Ada apa di balik kucuran dana dari luar negeri kepada sejumlah lembaga swadaya masyarakat (LSM), perguruan tinggi, dan instansi pemerintah agar mereka mengampanyekan antirokok di Indonesia? Vide: http://www.jpnn.com/read/2016/08/22/462536/Wow-Inilah-Penerima-Dana-Asing-untuk-Kampanye-Antirokok.

Di tengah gencarnya kampanye antirokok di Tanah Air, muncul wacana penaikan harga rokok hingga Rp50 ribu per bungkus. Sontak publik pun ada yang pro dan kontra. Ribuan petani tembakau Kabupaten Temanggung pun berunjuk rasa menolak usulan penaikan harga rokok di halaman Gedung DPRD Kabupaten Temanggung, Selasa (23/8). Mereka beranggapan pertembakauan akan menjadi permasalahan, tidak hanya di tingkat kabupaten/kota, tetapi juga nasional. Pasalnya, harga rokok yang relatif tinggi akan berdampak pada penurunan permintaan rokok yang akan berujung pada pengurangan tenaga kerja di pabrik. Tidak pelak lagi, angka pengangguran pun bertambah.

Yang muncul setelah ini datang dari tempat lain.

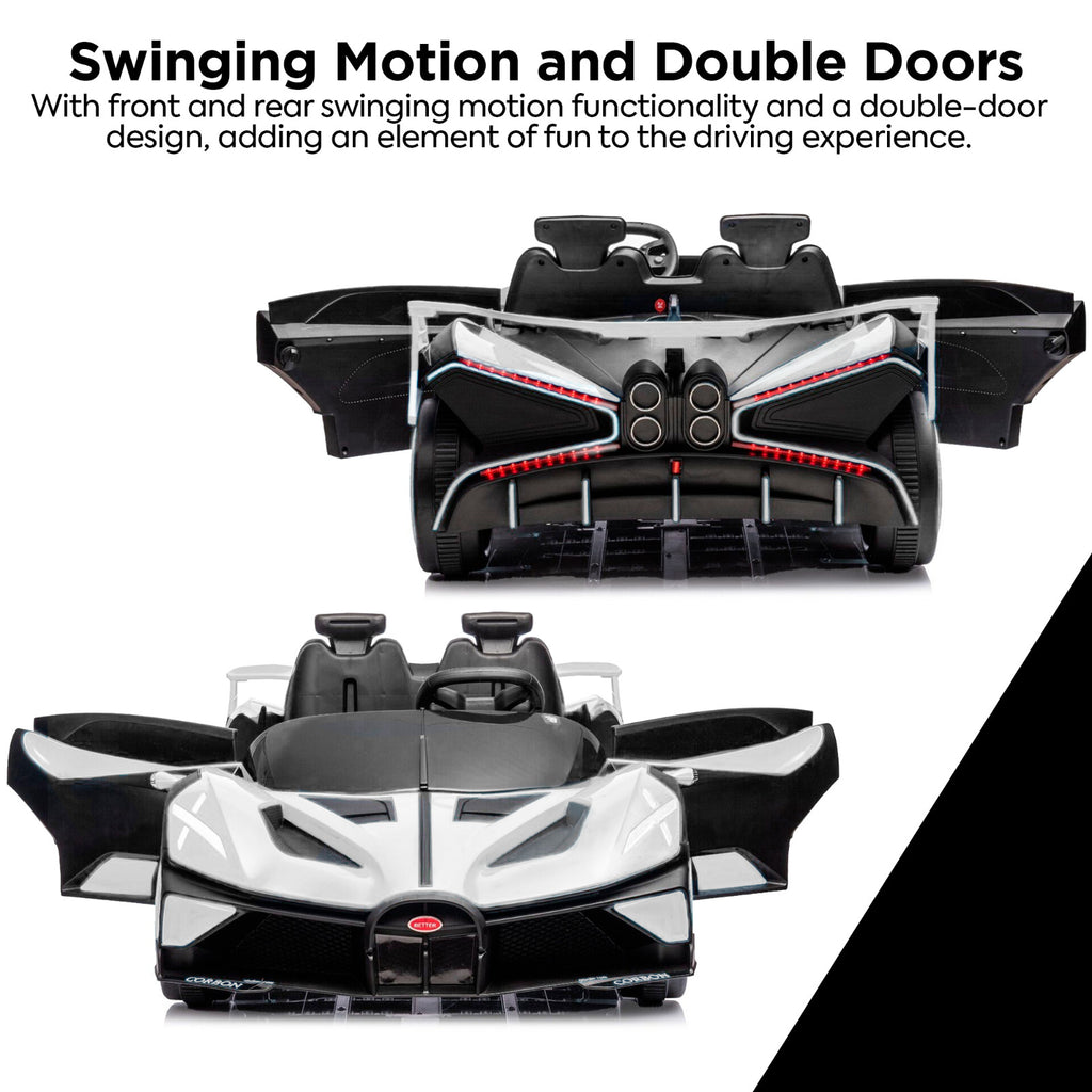 - Realistic Bugatti-Inspired Design: Sleek body lines, signature grille details, and functional LED headlights mimic the look of a true supercar.
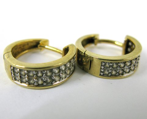 Par ørestikker af 8 kt guld, hver prydet med to rækker brillantslebne zirkonia. diameter 15 mm.
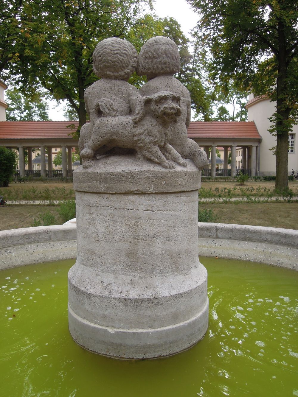 Der Brunnen ist ein freistehender skulpturengeschmückter ovaler Brunnen in Muschelkalkstein. Er zeigt auf einer Mittelsäule die Skulptur eines Kinderpaares (Mädchen) mit Buch, Taube und einem Hund im Rücken. Der Brunnentrog trägt außen Schmuckreliefs mit Darstellungen von Meeresungeheuern, Krabben, Löwen u.a. Seegetier (Jürgen Tomisch).
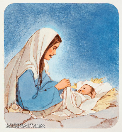 Mary With Baby Jesus in a Manger Luke 2:7 christ, Jesus, lying, pulling, shoulder, collection, head, mary, manger, straw, blanket, smiling, up, and, profile, in, beside, him, lifeway, lfwas2271 PROJECTION - License for PowerPoint™ PRINT – buy a print of this picture; optional frame Bible Hub |
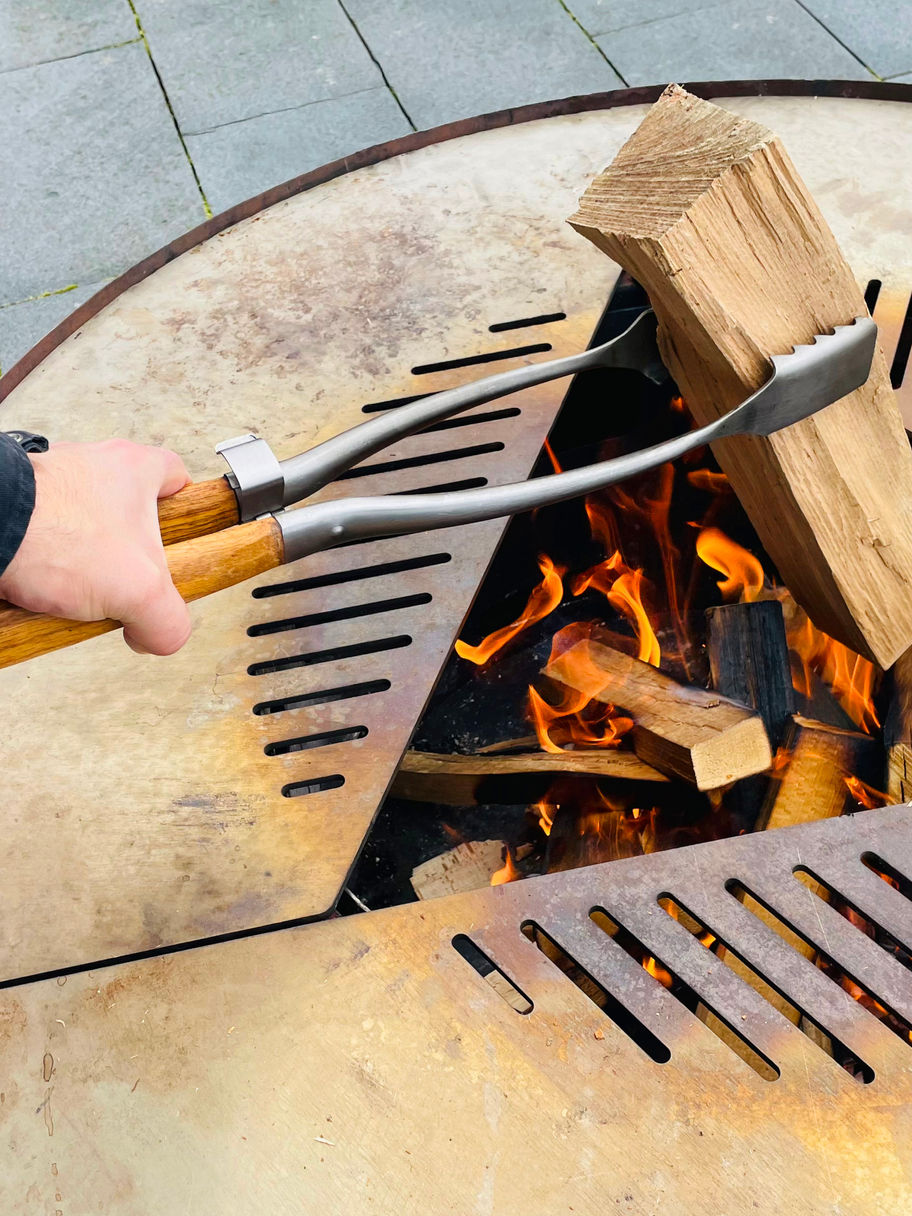 Die Gartenfeuer Zange mit Holzgriff ist das perfekte Werkzeug für alle, die bequem und effizient Brennholz bewegen und platzieren möchten. Der ergonomische Holzgriff sorgt für einen angenehmen und rutschfesten Griff, während die robusten Stahlbacken das Holz sicher halten. Die lange Form ermöglicht es, das Holz bequem zu bewegen, ohne sich bücken zu müssen. Ideal für den Einsatz im Freien oder im Kaminzimmer. Mit dieser Zange kann man Brennholz sicher und einfach platzieren, um das Feuer in Gang zu halten.
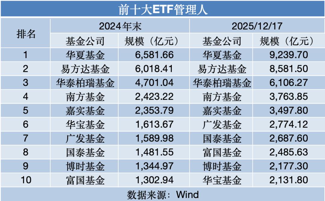 与此同时,行业“马太效应”依旧。截至12月17日,前十大ETF管理人规模合计4.34万亿元,分走了75.48%的市场份额。
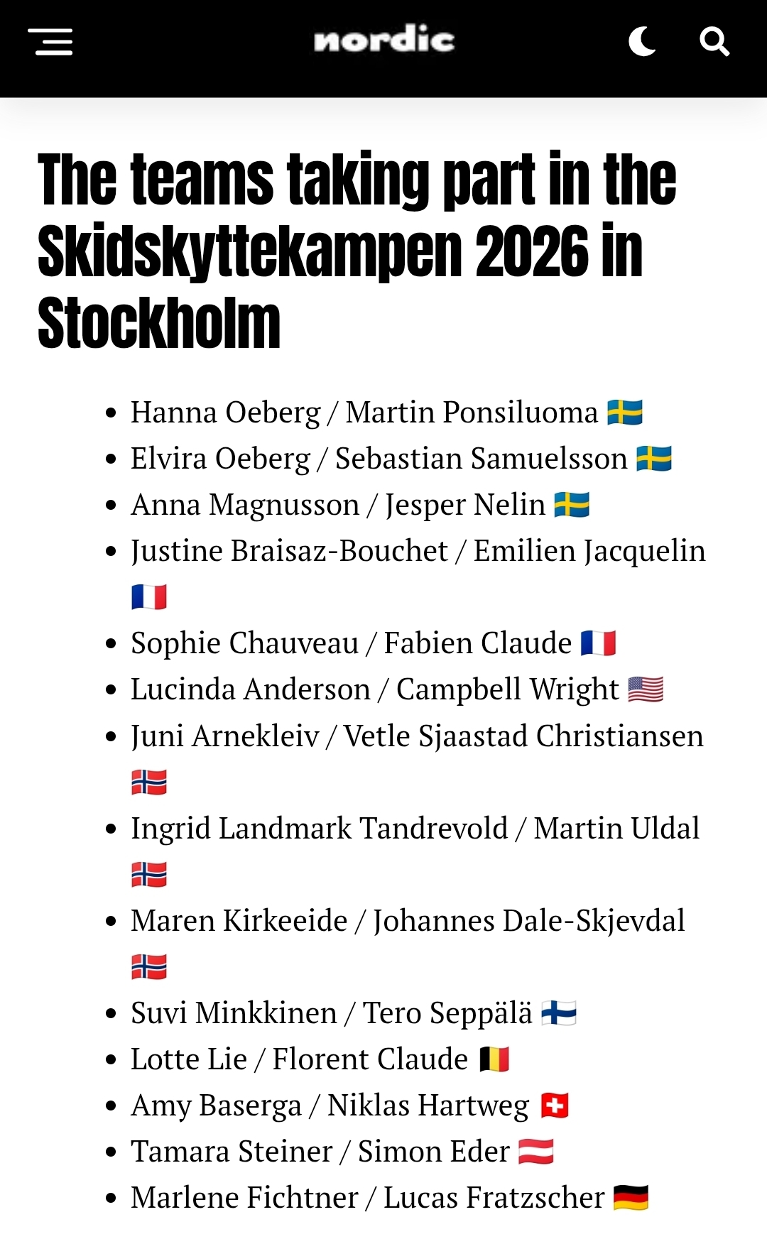 In 40 minutes that mixed-relay biathlon competition that they have in Stockholm in the stadium startsI am gonna post the SVTplay link but it can only be seen from Sweden so i guess get a VPN or find some other stream?https://www.svtplay.se/video/KRozgr3/skidskyttekampen/skidskyttekampen
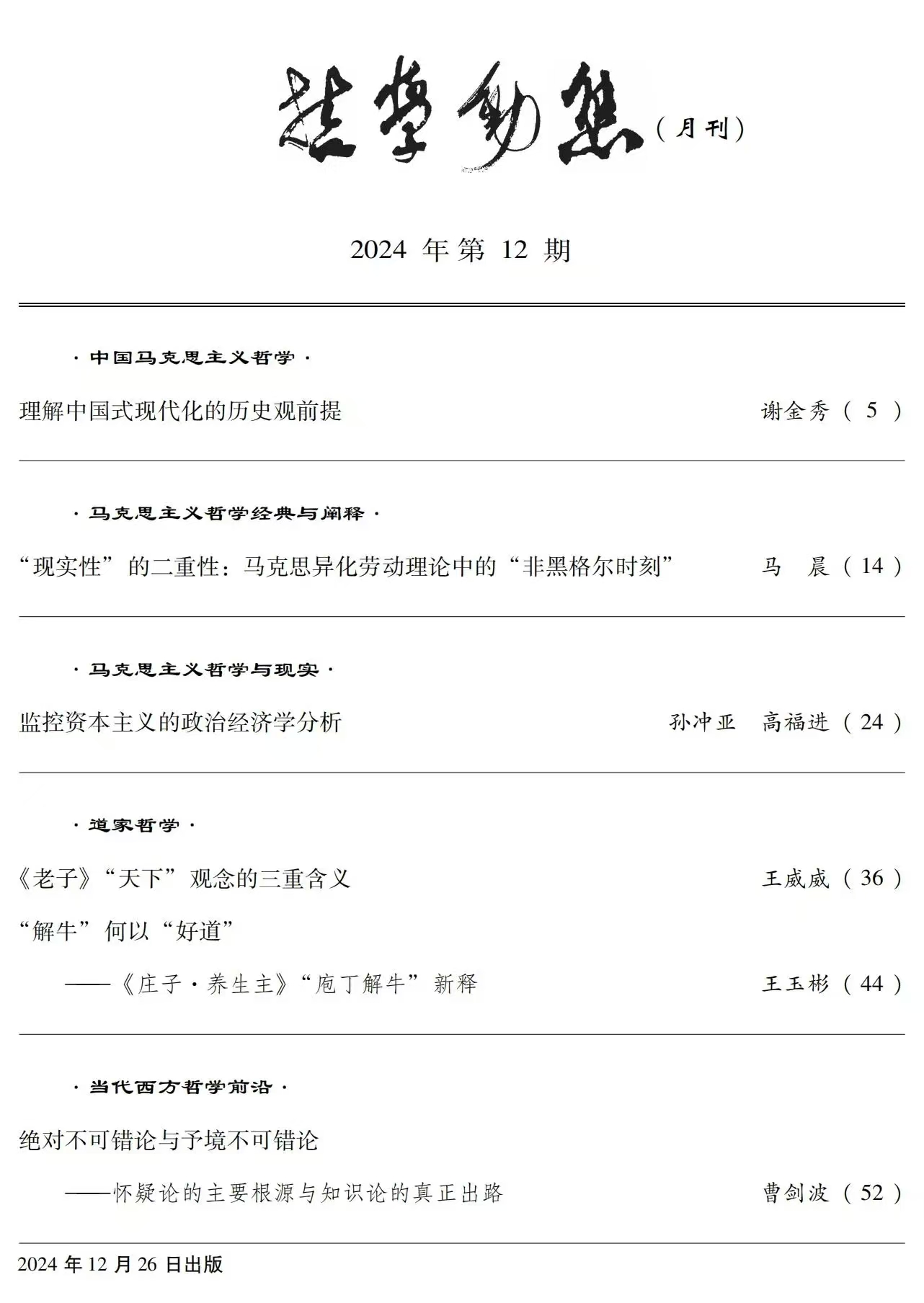 tyc5997太阳集团王玉彬教授在《哲学动态》上发表学术论文
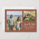 This minimal burnt orange save the date card with a QR code makes it easy for guests to get the details for your special day. Two of your favourite photographs completes your personalized announcement
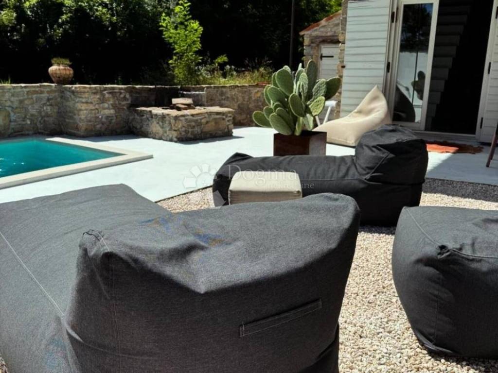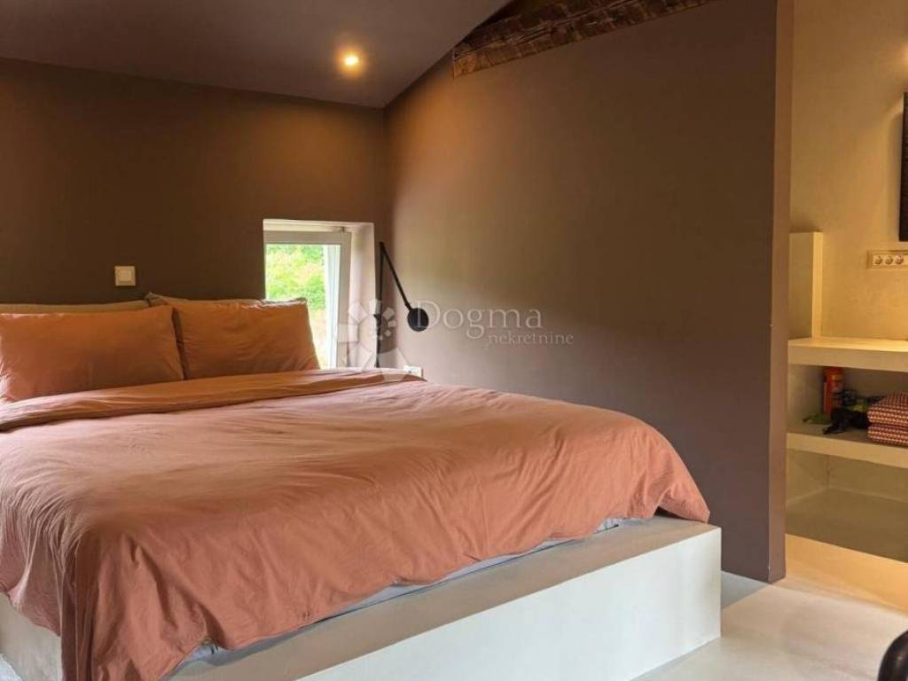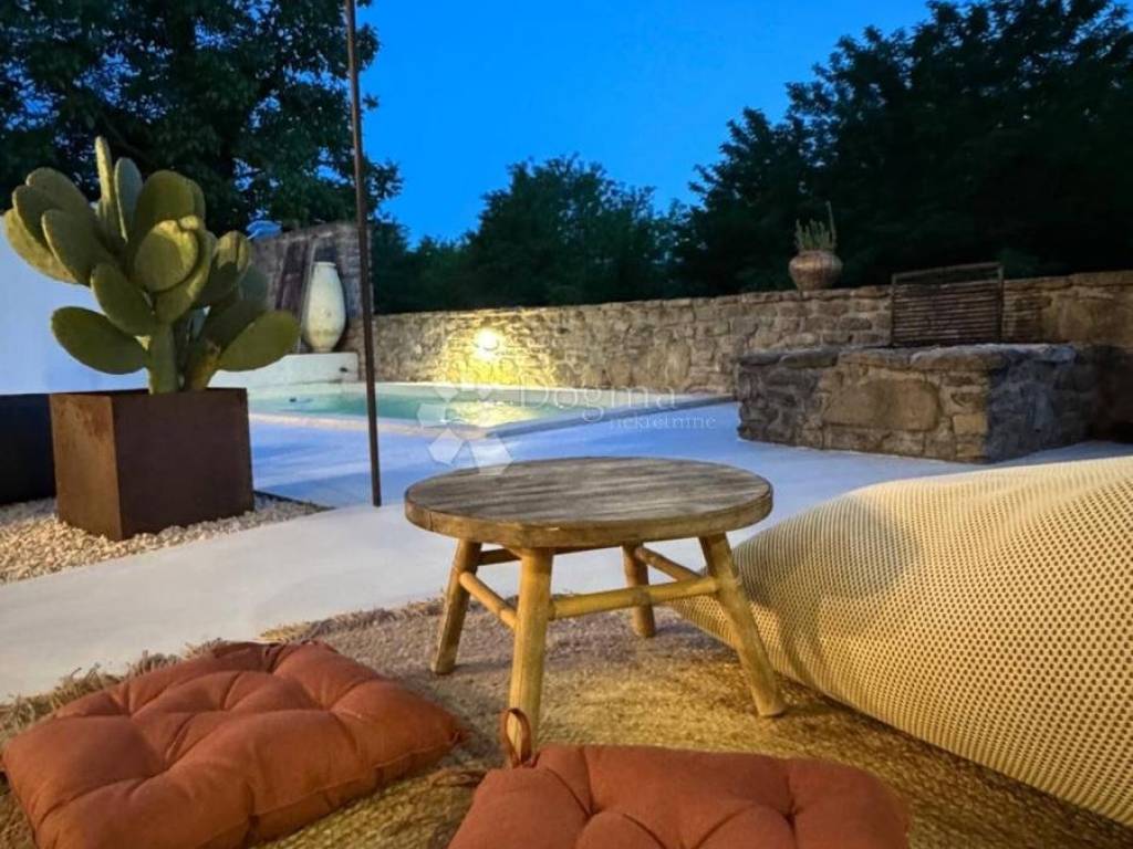 Nestled on the hillside below the magical Motovun, among vineyards, olive groves, and forests full of truffles, is an intimate stone villa created for two.
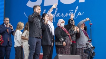 Mitinge, İzmirli belediye başkanları, milletvekilleri ve parti temsilcileri de katıldı.
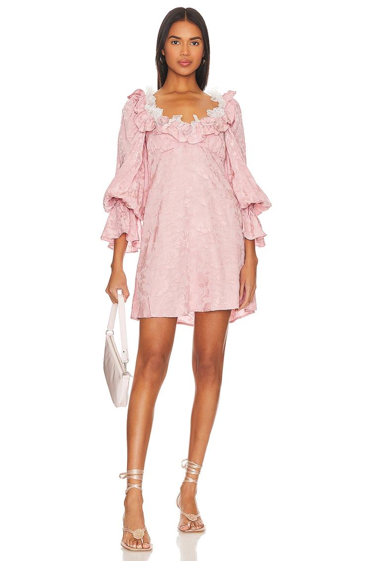 Soft jacquard fabric adorned with rosette appliques and delicate ruffles creates a romantic mini shift silhouette. The dusty pink hue enhances its elegant square neckline and draped blouson sleeves with elastic bell cuffs, adding feminine charm. A back keyhole with a loop button closure completes the look, offering easy pull-on wear. This loose-fitting Rosalia Mini Dress is ideal for spring and summer occasions such as brunch, date nights, or cocktail events, blending comfort and style effortlessly with its intricate design details and airy fabric.
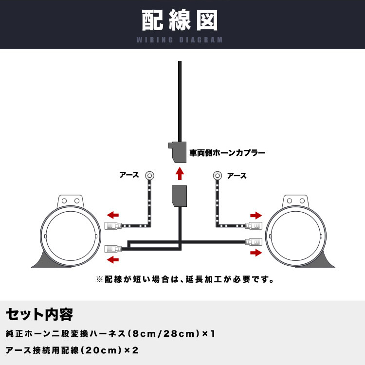 | セット内容 | ホーン二股変換ハーネス×1・アース接続用配線×2 |
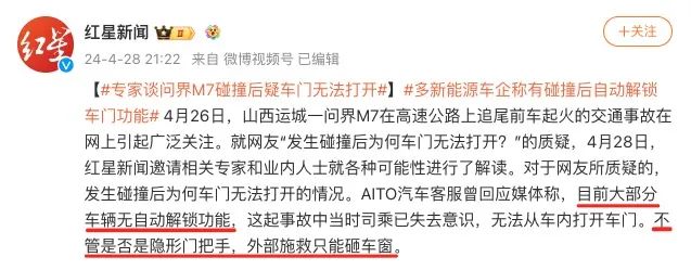 比如说在问界这个事故里, M7 到底有没有自动给车门解锁?
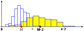 E M(kX) = M(X)·k: se sostituisco ogni dato x con kx anche la media si moltiplica per k (ad es., se dilato l'istogramma raddoppiando le ascisse e dimezzando le ordinate: l'area deve rimanere = 100% = 1 anche l'ascissa del baricentro raddoppia - clicca l'immagine per ingrandirla).
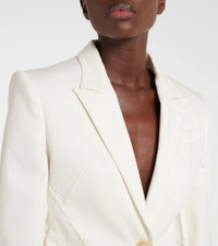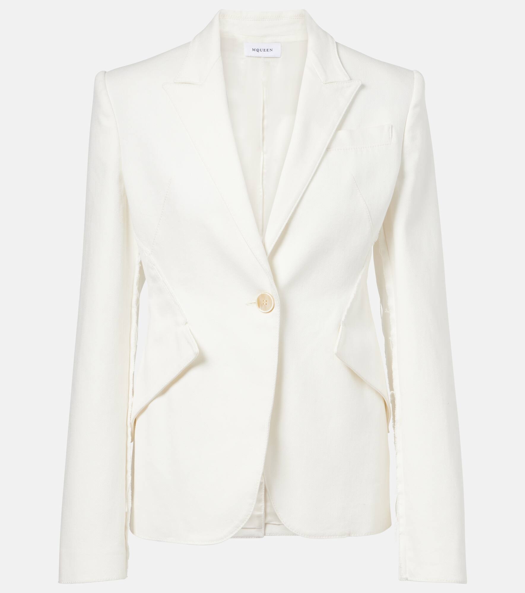 Crafted in Italy from pure cotton, this single-breasted denim blazer from Alexander McQueen features notch lapels and raw edges. It has two side flap pockets and a chest pocket and is finished with tonal topstitching. Product Details - Material: 98% cotton, 2% elastane - Care instructions: dry clean - Made in Italy - Designer color name: Optical White - Item color: white - Peak lapel - Closure: single-breasted (one button) - Pockets: flap pockets - Item number: P01031263 Size & Fit - True to size - Shoulder pad inserts - Cinched waist - Non-stretchy fabric - Falls to the hip - The model seen in the picture is 178cm-5'10" and wearing a size IT 40

Sebelumnya, Studi Pusat Kajian Ekonomi dan Kebijakan Kesehatan Fakultas Kesehatan Masyarakat, Universitas Indonesia, melakukan survei terhadap 1.000 orang dari 22 provinsi dengan tingkat penghasilan di bawah Rp1 juta sampai di atas Rp20 juta. Hasilnya, sebanyak 82 persen responden menyetujui penaikan harga rokok untuk mendanai jaminan kesehatan nasional (JKN). Bahkan, sebanyak 72 persen dari total responden itu menyatakan akan berhenti merokok jika harga satu bungkusnya di atas Rp50 ribu.

Dengan harga sebesar itu, di satu sisi bertujuan mengurangi jumlah perokok, di sisi lain Pemerintah—sebagaimana pernyataan Direktur Jenderal Bea dan Cukai Heru Pambudi yang tersiar di sejumlah media—untuk menambah pemasukan sekaligus melindungi kesehatan masyarakat. Khusus cukai rokok, persentasenya melebihi target yang termaktub dalam Undang-Undang Perubahan atas UU Anggaran Pendapatan dan Belanja Negara (APBNP) 2015, yakni 100,3 persen. Adapun penerimaan dari kepabeanan dan cukai dengan perincian: sebesar Rp31,9 triliun dari bea masuk, Rp144,6 triliun dari cukai, dan Rp3,9 triliun dari bea keluar. Target penerimaan dari bea dan cukai dalam APBNP 2015 sebesar Rp195 triliun. Disebutkan pula, sebanyak 96,4 persen dari penerimaan cukai disumbangkan dari cukai rokok (Rp139,5 triliun).

Jika kampanye antirokok yang mendapat sokongan dari pihak asing itu berhasil mengurangi jumlah perokok, penerimaan cukai yang nilainya ratusan triliun rupiah itu pun kemungkinan besar berkurang seiring dengan menurunnya tingkat produksi pabrik rokok di Tanah Air. Pemerintah patut mempertimbangkan kembali terkait dengan wacana penaikan harga rokok yang fantastis itu. Setelah tidak adanya kontribusi dari cukai, Pemerintah bisa menjamin APBN tetap sehat? Ada tidak kompensasi bagi rakyat Indonesia yang kehilangan pekerjaan gara-gara pabrik rokok gulung tikar? Langkah apa saja guna membendung impor rokok?

Sejumlah LSM, perguruan tinggi, dan instansi pemerintah yang gencar mengampanyekan antirokok tampaknya secara gradual "mematikan" industri rokok di Tanah Air atau menggunakan ungkapan yang lebih halus (eufemisme) "membatasi produksi rokok nasional secara bertahap". Apa pun istilahnya, dalam kurun waktu 5 tahun, sebanyak 4.300 pabrik tutup (vide: http://www.kretek.co/index.php/2016/06/01/dalam-5-tahun-pemerintah-tutup-4-300-pabrik).

Bupati Kudus H. Musthofa—saat menjadi salah satu narasumber di program Indonesia Lawyers Club (ILC) di TVOne, Selasa (23/8)—mengkritisi rencana penaikan harga rokok tersebut. Musthofa menegaskan bahwa warganya bakal menderita bila harga rokok mengalami penaikan. Pasalnya, sekitar 12 persen dari total penduduk Kabupaten Kudus adalah pekerja pabrik rokok. Tidak mengherankan bila Musthofa menekankan, "Jangan sampai rakyat kami menjadi pengangguran karena adanya penaikan rokok yang begitu tinggi."